[Your instructions] Copy out every line of the data exactly; do not include the images.

[Material provided]
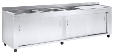 Niki Inox LK 3G 210 Λάντζα Κλειστή με 3 Γούρνες και 4 Συρόμενες Πόρτες
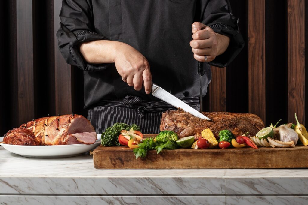 因應現代人工作或是生活習慣的改變,「早午餐」的飲食習慣,越來越受歡迎,不僅可以滿足不想早起的人,也能吃到營養滿分、多樣菜色的早餐菜色。台南大員皇冠假日酒店聽到饕客的敲碗聲,2024年元素餐廳平日週一至週五午餐全面調整「早午餐Brunch」,營業時間提前於11:00開始供應,特別保留早餐時段人氣菜色,例如:健康沙拉吧、牛奶及優酪乳的飲品吧、清粥小菜,更重要還有台南在地小吃區,包括: 牛肉湯、虱目魚皮湯、滷虱目魚頭、碗粿、肉圓、刈包、水晶餃、芋籤粿、燒餅夾肉、米糕等輪流出菜。還有高人氣必吃的蜂蜜烤火腿,選用豬後腿肉,先以140度低溫烤40分鐘後,再反覆刷上蜂蜜水翻滾烤製,鎖住蜂蜜的清香,搭配自製焦糖烤鳳梨的酸甜滋味與火腿鮮嫩多汁,讓人一吃上癮,念念不忘,還可以搭配麵包,夾入炒蛋、生菜,就是一份升級版的豪華三明治,創意吃法輕鬆作,當然也可以運用在DIY熱壓三明治,兩片吐司隨自己的喜好加入起司、火腿、生菜、蛋類等配料,想怎麼吃都行,美食無極限,手作創意是王道!人氣必吃的還有香辣烤豬排,選用梅花豬先以紐奧良香料醃製一晚,以140度烤40分鐘,再以170度高溫烤15分鐘後關閉烤箱,靜置9分鐘,透過餘溫讓豬排內部慢慢熟化,保留豬排外香內嫩的異國風味,薄切一片搭配麵包或焦糖鳳梨醬,風味很高雅;厚切一塊享受大口吃肉的過癮,肯定讓肉肉一族為之瘋狂。另外,蛋類現作區是早午餐必備選項,游輝杰主廚開出多達19種的營養蛋料理,包括:水波蛋、歐姆蛋、班尼迪克蛋、松露炒蛋、西式炒蛋、義大利烘蛋、三色炒蛋、菜圃蛋、太陽蛋、茶葉蛋等,每天會輪流出現4種蛋料理,讓您滿足攝取蛋白質的興奮快樂。
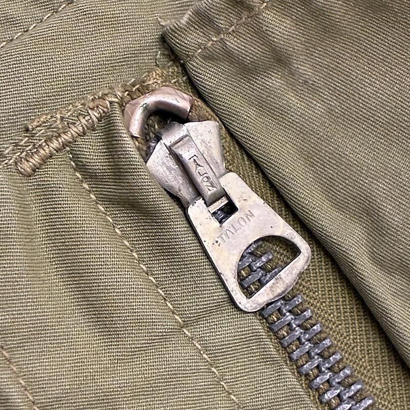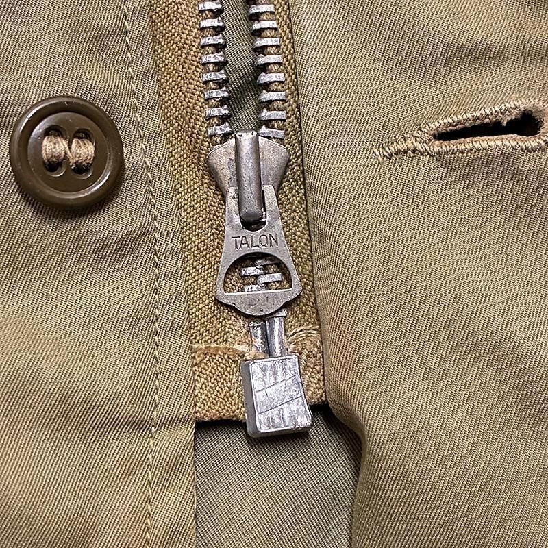 フロントはジッパー&ボタン留め。戦中型の鉄合金製TALONジッパーでスムーズです。
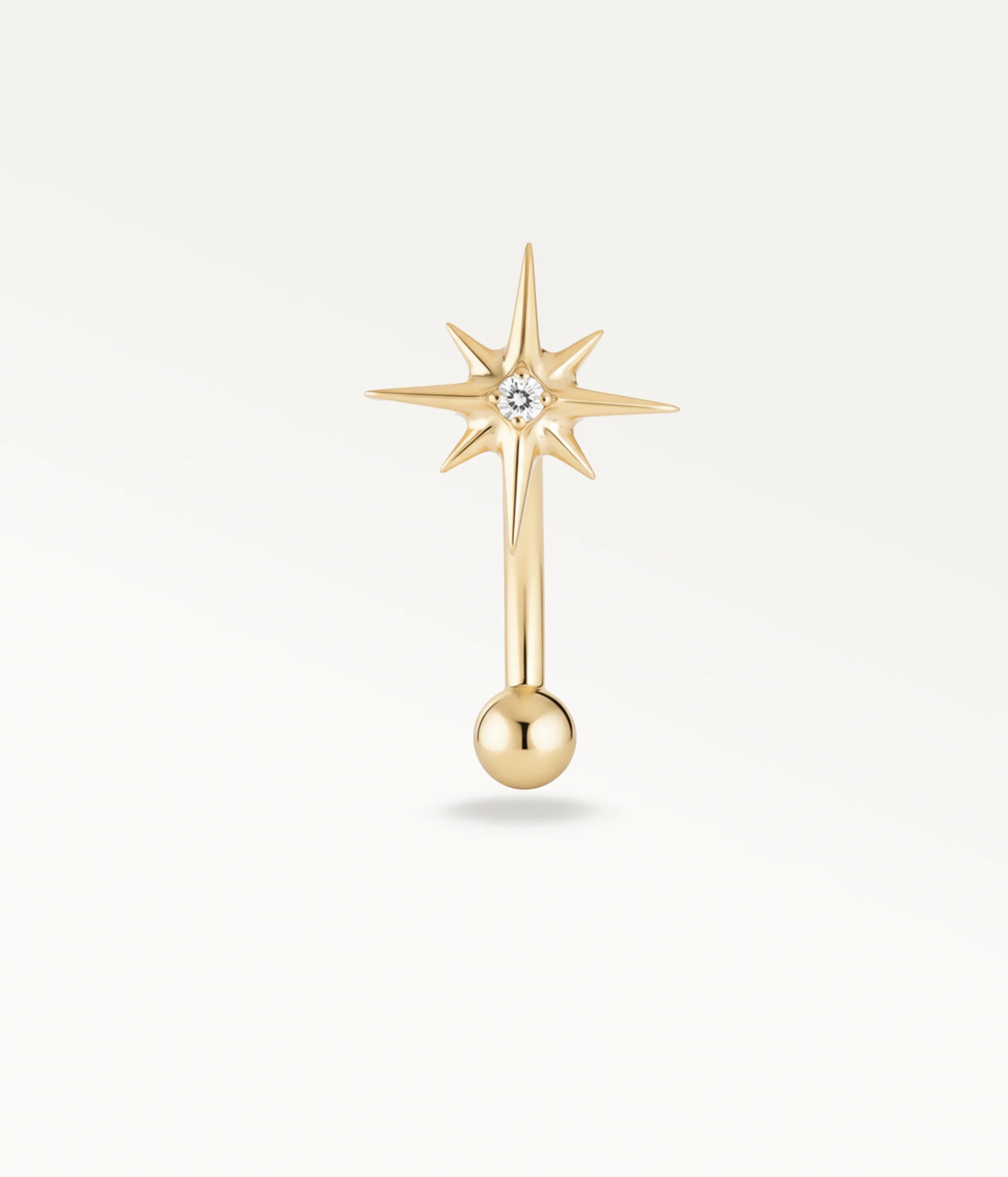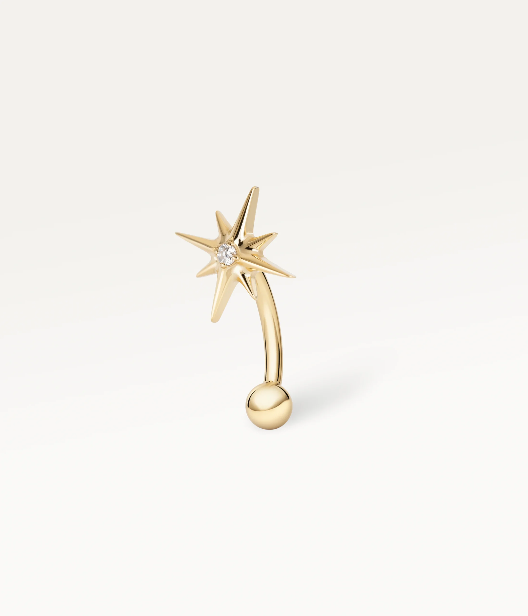 Belle Étoile est un piercing banane pensé pour habiller le rook avec caractère. Sa forme d’étoile, fine mais affirmée, capte immédiatement le regard et occupe harmonieusement le centre de l’oreille, créant un point de lumière unique dans votre composition.

[Solution below]
 Niki Inox LK 3G 210 Λάντζα Κλειστή με 3 Γούρνες και 4 Συρόμενες Πόρτες
 因應現代人工作或是生活習慣的改變,「早午餐」的飲食習慣,越來越受歡迎,不僅可以滿足不想早起的人,也能吃到營養滿分、多樣菜色的早餐菜色。台南大員皇冠假日酒店聽到饕客的敲碗聲,2024年元素餐廳平日週一至週五午餐全面調整「早午餐Brunch」,營業時間提前於11:00開始供應,特別保留早餐時段人氣菜色,例如:健康沙拉吧、牛奶及優酪乳的飲品吧、清粥小菜,更重要還有台南在地小吃區,包括: 牛肉湯、虱目魚皮湯、滷虱目魚頭、碗粿、肉圓、刈包、水晶餃、芋籤粿、燒餅夾肉、米糕等輪流出菜。還有高人氣必吃的蜂蜜烤火腿,選用豬後腿肉,先以140度低溫烤40分鐘後,再反覆刷上蜂蜜水翻滾烤製,鎖住蜂蜜的清香,搭配自製焦糖烤鳳梨的酸甜滋味與火腿鮮嫩多汁,讓人一吃上癮,念念不忘,還可以搭配麵包,夾入炒蛋、生菜,就是一份升級版的豪華三明治,創意吃法輕鬆作,當然也可以運用在DIY熱壓三明治,兩片吐司隨自己的喜好加入起司、火腿、生菜、蛋類等配料,想怎麼吃都行,美食無極限,手作創意是王道!人氣必吃的還有香辣烤豬排,選用梅花豬先以紐奧良香料醃製一晚,以140度烤40分鐘,再以170度高溫烤15分鐘後關閉烤箱,靜置9分鐘,透過餘溫讓豬排內部慢慢熟化,保留豬排外香內嫩的異國風味,薄切一片搭配麵包或焦糖鳳梨醬,風味很高雅;厚切一塊享受大口吃肉的過癮,肯定讓肉肉一族為之瘋狂。另外,蛋類現作區是早午餐必備選項,游輝杰主廚開出多達19種的營養蛋料理,包括:水波蛋、歐姆蛋、班尼迪克蛋、松露炒蛋、西式炒蛋、義大利烘蛋、三色炒蛋、菜圃蛋、太陽蛋、茶葉蛋等,每天會輪流出現4種蛋料理,讓您滿足攝取蛋白質的興奮快樂。
 フロントはジッパー&ボタン留め。戦中型の鉄合金製TALONジッパーでスムーズです。
 Belle Étoile est un piercing banane pensé pour habiller le rook avec caractère. Sa forme d’étoile, fine mais affirmée, capte immédiatement le regard et occupe harmonieusement le centre de l’oreille, créant un point de lumière unique dans votre composition.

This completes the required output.